Multi-Agent Architecture for GAIA Benchmark

t-346·WorkTask·
·
·
·Omni/Agent/MultiAgent
Created1 month ago·Updated1 month ago

Description

Edit

Goal

Build a multi-agent architecture that can reliably solve GAIA-style benchmark questions through agent collaboration, shared workspace, and orchestrated handoffs.

Architecture Overview

Implement a 3-agent system inspired by Manus: 1. Planner Agent - analyzes the question, breaks it into steps, creates execution plan 2. Executor Agent - executes the plan using available tools (web search, code execution, etc.) 3. Verifier Agent - reviews results, checks answer quality, validates against question requirements

Core Components

Shared Workspace

  • Task state (current step, progress, artifacts)
  • Agent communication log (handoffs, questions, findings)
  • Intermediate results storage (search results, extracted data, etc.)
  • Final answer candidate

Agent Communication Protocol

  • Explicit handoff messages between agents
  • State transitions (planning → executing → verifying → done)
  • Ability to loop back if verification fails
  • Guardrails against infinite loops (max iterations)

Orchestration Logic

  • Spawns agents in sequence: Planner → Executor → Verifier
  • Manages state transitions
  • Handles agent failures/retries
  • Aggregates final result

Test Case

GAIA Level 1 Question: "What was the actual enrollment count of the clinical trial on H. pylori in acne vulgaris patients from Jan-May 2018?"

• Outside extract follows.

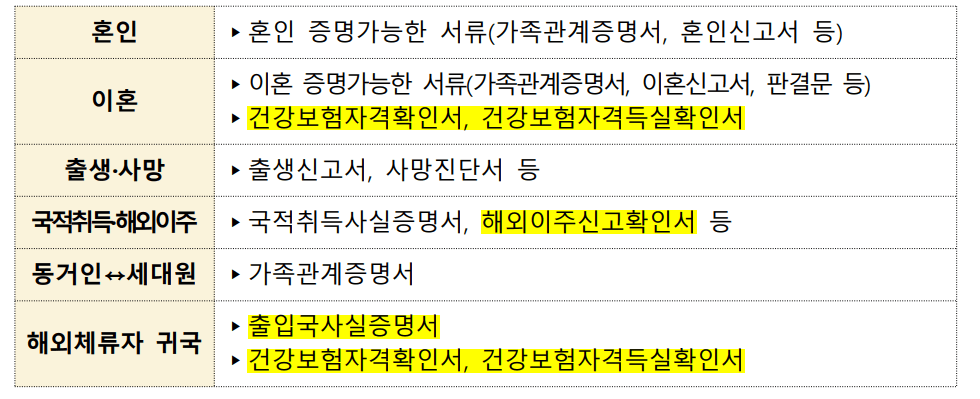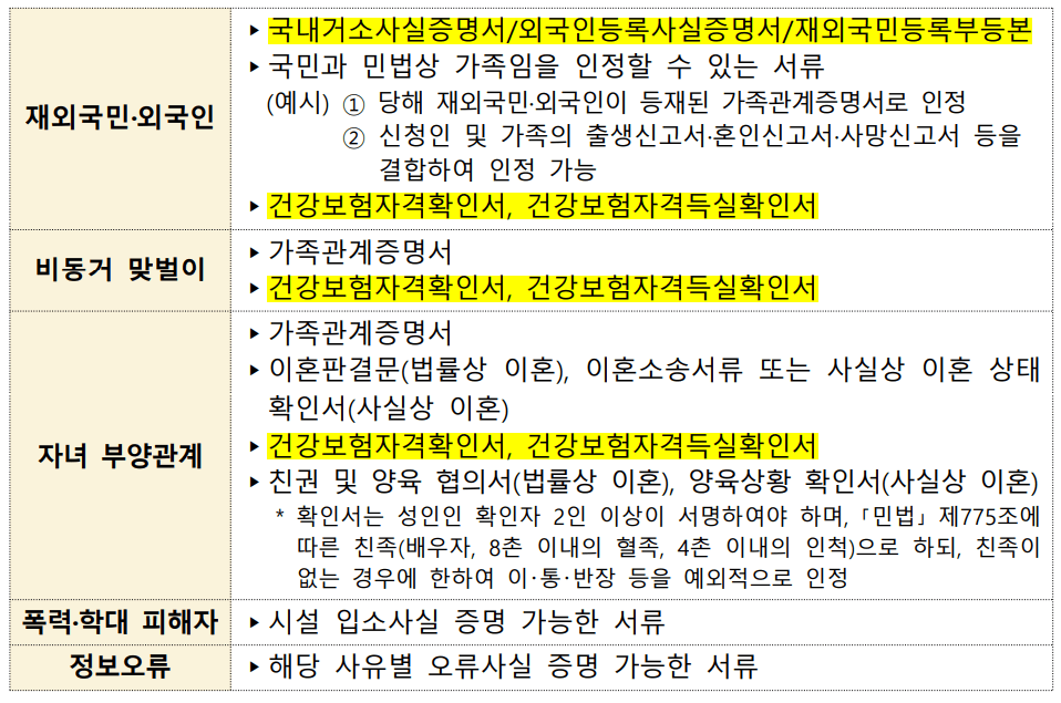 이 중 노란색으로 표시된 서류는, 신청인이 행정정보 공동이용에 동의하는 경우, 별도 제출하지 않아도 됩니다.

Expected behavior: 1. Planner breaks down: need to search clinical trials database → filter by criteria → extract enrollment count 2. Executor performs web searches, navigates to trial details, extracts data 3. Verifier checks: is this the right trial? does it match date range? is enrollment count clearly stated? 4. Return exact numeric answer

Success Criteria

  • Architecture can solve the test case question correctly
  • Agent handoffs are clean and traceable
  • Shared workspace maintains clear state
  • System fails gracefully (doesn't infinite loop or hallucinate)

Implementation Notes

  • Use existing subagent spawning infrastructure
  • Shared state can be a simple dict/object passed between agents
  • Each agent gets a specialized system prompt defining its role
  • Consider adding a "max_rounds" guardrail (e.g., 3 full cycles max)

Namespace

Omni/Agent/MultiAgent

Child Tasks

  • t-346.1 - Design and implement shared workspace data structure [Done]
  • t-346.2 - Implement Planner Agent role and system prompt [Done]
  • t-346.3 - Implement Executor Agent role and system prompt [Done]
  • t-346.4 - Implement Verifier Agent role and system prompt [Done]
  • t-346.5 - Implement orchestration logic for agent coordination [Done]
  • t-346.6 - Test multi-agent system on GAIA test case [Done]

Timeline (4)

🔄[human]Open → InProgress1 month ago
🔄[human]InProgress → Done1 month ago
💬[human]1 month ago

Closed as overengineered. The YAML workflow system (agentd run workflow.yaml) already provides multi-agent capabilities with shared filesystem workspace. See Omni/Agent/Workflows/GaiaResearch.yaml for a working example.